I’ve had charging issues with Green Magic. Recall that was the first major problem of this bike, it would eat batteries.
I’ve cut out crispy wires and trimmed back charred wires that hook into the regulator / rectifier unit now twice. Both times I got some good life out of the charging unit – the first time I swapped in a low mileage ZR7S R/R unit.
The second repair job last year I cut back the wires again, but I knew it was only a matter of time…

The final day I was out west again, the bike was not charging riding and about to die soon I could easily tell. I throttled the bike at high rpms back home. And parked it and drove the van that day and flew east the next day.

6 weeks later I got back to the bike and took of the rear left panel, expecting to see fried wires at the R/R again. Which I did find. BUT, this time I also found a melted stator to regulator wires connector.

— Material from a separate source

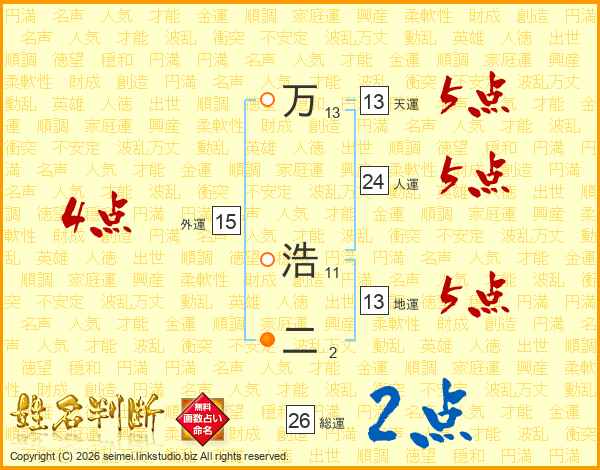 生活面を象徴する運勢です。外部から受ける影響力を表し、結婚運、家庭運や職場、環境への順応性を表します。総運から人運を引いた画数。姓や名が1文字の場合を除く。

That’s new and bad.

So I rounded up some new wire connectors and cut up some brand new THHN stranded 10 gauge wire and ran them from the stator connection all the way to the R/R and put new connectors into the plastic 6 pin clip there as well.
I cut back the 3 yellow stator wires a little bit and put on new connectors there and connected to the new 10 gauge wires.

I also installed a low miles ZR7S R/R unit, the same Shindegen Shunt unit from a different Kawasaki. I found it on fleabay for $13 shipped and couldn’t say no to that!

Result? Green Magic fired up (Although grumpily after sitting for 6 weeks with a weak battery. I had to push it up the hill to the crest and then bump start it down the hill after 3 sessions of trying to battery start.)
It ran rough for several minutes, but when it warmed up it ran strong and great!

A few days later I took it on a 80 mile run and it was great. I hope this solves the charging issues for a long time!